Consuming diet soda during pregnancy can increase a child's risk of obesity, according to a study from the National Institutes of Health.
"Our findings suggest that artificially-sweetened beverages during pregnancy are not likely to be any better at reducing the risk for later childhood obesity than sugar-sweetened beverages," said Chilin Zhang, an epidemiologist at NIH's National Institute of Child Health and Human Development.
Zhang, who was one of the several authors on the study, explained that the results showed children from mothers who consumed artificially-sweetened beverages during their pregnancy were just as likely to have higher birth weights and experience obesity by age 7 as children from mothers who consumed sugar-sweetened beverages.
She added that this risk was significantly higher than in children who were born to mothers who never consumed either of the types of beverages.
"One of the reasons we pursued this question was because artificially-sweetened beverages were widely consumed and thought of as a healthy alternative to sugar-sweetened beverages," Zhang said.
Sugar-sweetened beverages are the most common type of soda and contain natural sugar.
Artificially-sweetened beverages, commonly known as diet soda, contain numerous artificial sweeteners that mimic the sweetened taste while maintaining a reduced calorie level.
Results also indicated little difference in the birth weight between the two types of beverages.
The study sampled 918 pairs of women and children from the Danish National Birth Cohort, which studies nutrition during pregnancy in Denmark.
Data was collected from 1996-2002 through questionnaires and included follow-up studies to track the weight of the children.
Zhang explained that Denmark was one of the very few countries that had the necessary data available to conduct the study.
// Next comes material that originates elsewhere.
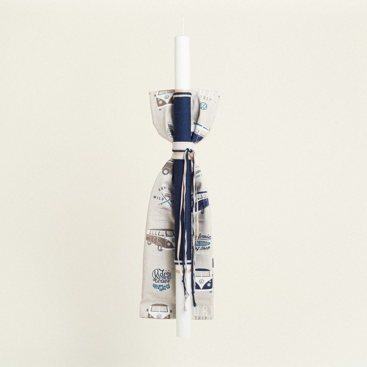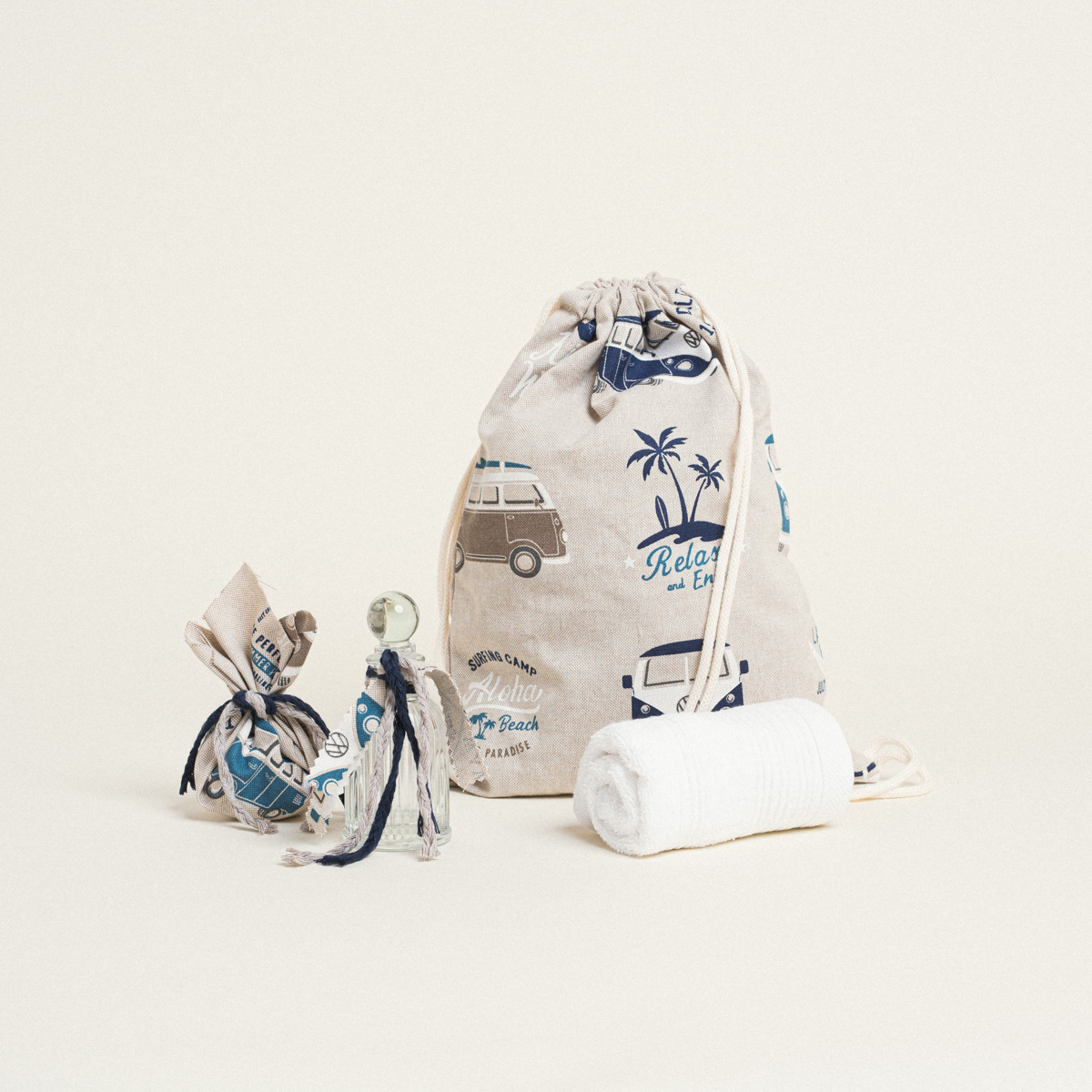 Μπομπονιέρα πουγκί θήκη για μπουκάλι με κορδόνι, διαστάσεων 22 x 12 cm, συνδυασμένο με το vintage σετ βάπτισης Volkswagen.

"In order to test our hypothesis, it really required both data from maternal diet and also information on the children's health, especially in the long term," she said.
Zhang also added that her sample was limited to mostly Caucasian women.
Maintaining a healthy diet during pregnancy is essential in ensuring the health of the mother and her child.
"Someone who has a poor diet puts themselves at higher risk of blood pressure issues or diabetes in pregnancy," said James Benson, an obstetrician at Georgetown University's MedStar Hospital.
He added that diet effects largely depend on the individual mother experiencing the pregnancy.
Benson, who was not involved in the study, described the biological process of a pregnancy as an "evolutionary conflict." He explained that while a fetus attempts to take in all of the nutrients the mother consumes, the mother's body tries to budget the nutrients for other biological functions.
As a practitioner, Benson tells his patients to maintain a well-balanced diet and increase daily food intake by 300 calories during the pregnancy but added it largely depends on weight.
"In my practice, I have about one patient not gaining enough weight for every 10 patients that's gaining too much weight," he said. "What we do is watch the weight gain and make recommendations based on that."
During pregnancy, the mother typically experiences cravings for more food and calories, which Benson said can trigger gestational diabetes.
Gestational diabetes, which Zhang noted all of the women in the study had, occurs when the mother's body fails to produce enough insulin during the pregnancy, which results in a higher blood sugar. Benson noted this was temporary and usually resolves naturally in the postpartum period.
Zhang explained that additional studies were needed to reinforce her conclusions and understand longer-term effects.
"How can we explain our findings and what are the underlying mechanisms? I think we need more research as well," she added.